Your instructions –
Start at the line with "Głównym ozdobnikiem kolczyków" in the records below, stop at the line with "6) IV (30mt)", and return every line in that span exactly, the two end lines included.
-------- Records shown
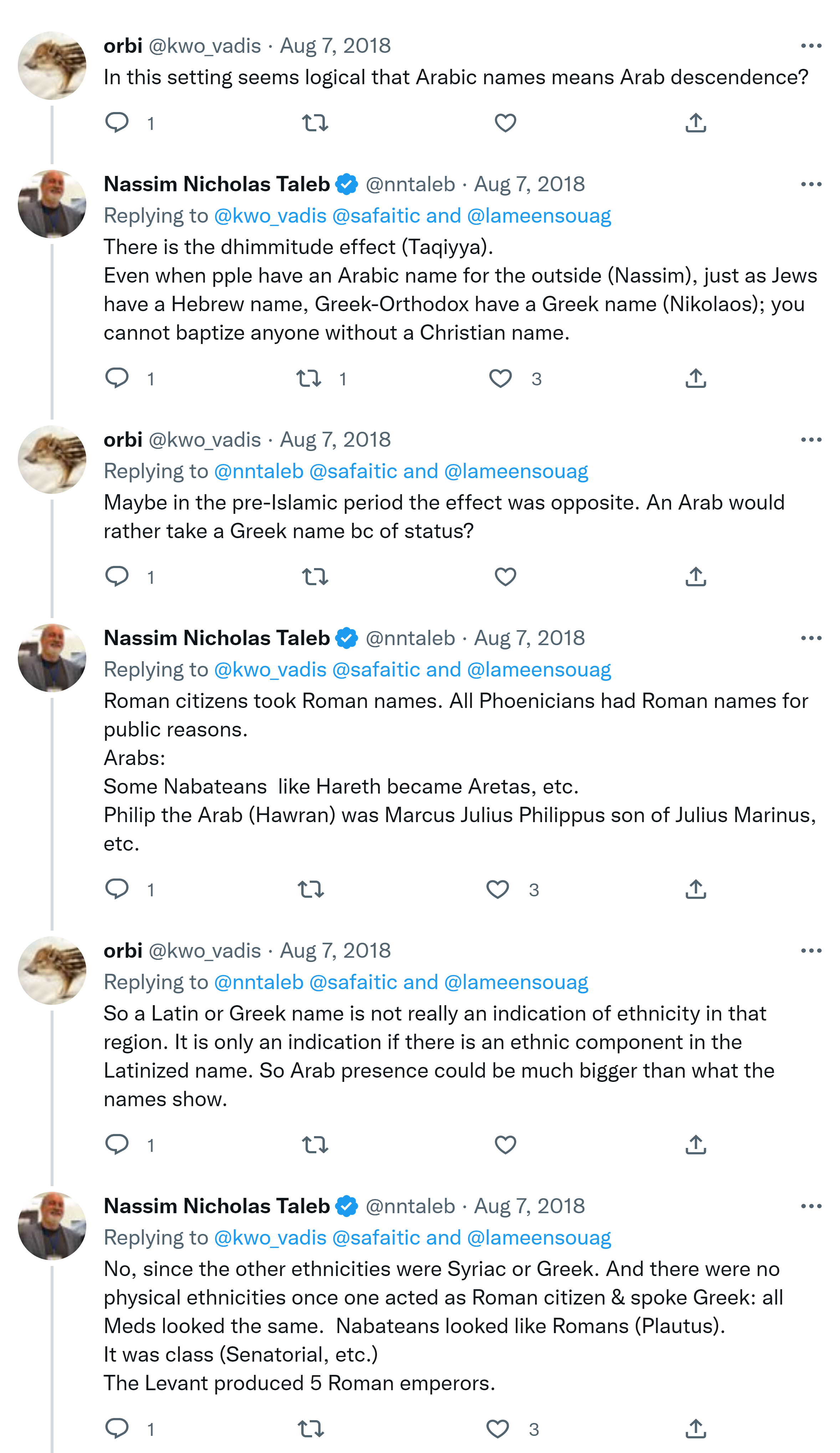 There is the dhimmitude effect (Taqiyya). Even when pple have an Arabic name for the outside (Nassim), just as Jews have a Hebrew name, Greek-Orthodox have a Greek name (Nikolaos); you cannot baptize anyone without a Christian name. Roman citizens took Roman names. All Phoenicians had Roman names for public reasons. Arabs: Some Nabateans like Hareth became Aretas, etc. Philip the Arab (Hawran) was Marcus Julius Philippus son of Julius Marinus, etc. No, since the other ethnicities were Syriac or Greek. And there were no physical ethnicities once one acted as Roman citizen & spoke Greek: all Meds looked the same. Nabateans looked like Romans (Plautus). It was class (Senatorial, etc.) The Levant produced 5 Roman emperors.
----------------
-------- Records shown
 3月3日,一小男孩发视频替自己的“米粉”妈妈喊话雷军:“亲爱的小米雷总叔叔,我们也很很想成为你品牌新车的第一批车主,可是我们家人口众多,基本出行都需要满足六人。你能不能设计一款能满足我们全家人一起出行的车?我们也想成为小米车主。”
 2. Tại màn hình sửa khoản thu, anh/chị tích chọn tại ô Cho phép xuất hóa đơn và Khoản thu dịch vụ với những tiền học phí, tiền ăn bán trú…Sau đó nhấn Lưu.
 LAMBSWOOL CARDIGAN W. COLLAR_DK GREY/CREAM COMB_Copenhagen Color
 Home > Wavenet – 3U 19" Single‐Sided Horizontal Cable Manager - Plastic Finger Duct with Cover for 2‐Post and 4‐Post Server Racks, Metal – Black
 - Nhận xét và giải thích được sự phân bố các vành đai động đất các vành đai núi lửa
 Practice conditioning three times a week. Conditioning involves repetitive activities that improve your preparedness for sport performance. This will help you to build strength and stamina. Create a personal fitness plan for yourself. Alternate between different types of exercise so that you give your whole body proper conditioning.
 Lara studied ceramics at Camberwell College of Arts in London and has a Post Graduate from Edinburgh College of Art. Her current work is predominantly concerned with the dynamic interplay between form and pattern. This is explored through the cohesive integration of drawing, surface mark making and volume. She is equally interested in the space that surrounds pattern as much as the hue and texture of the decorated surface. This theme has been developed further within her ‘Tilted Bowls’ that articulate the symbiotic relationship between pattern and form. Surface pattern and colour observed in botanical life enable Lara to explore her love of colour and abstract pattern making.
----------------
-------- Records shown
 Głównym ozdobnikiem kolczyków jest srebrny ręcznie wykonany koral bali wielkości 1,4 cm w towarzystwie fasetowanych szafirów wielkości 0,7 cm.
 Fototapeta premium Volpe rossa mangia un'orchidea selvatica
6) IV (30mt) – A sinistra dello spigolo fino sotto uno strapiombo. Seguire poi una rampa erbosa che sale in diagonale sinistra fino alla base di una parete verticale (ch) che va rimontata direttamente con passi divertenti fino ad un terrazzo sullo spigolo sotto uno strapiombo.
----------------
Answer to the exercise –
 Głównym ozdobnikiem kolczyków jest srebrny ręcznie wykonany koral bali wielkości 1,4 cm w towarzystwie fasetowanych szafirów wielkości 0,7 cm.
 Fototapeta premium Volpe rossa mangia un'orchidea selvatica
6) IV (30mt) – A sinistra dello spigolo fino sotto uno strapiombo. Seguire poi una rampa erbosa che sale in diagonale sinistra fino alla base di una parete verticale (ch) che va rimontata direttamente con passi divertenti fino ad un terrazzo sullo spigolo sotto uno strapiombo.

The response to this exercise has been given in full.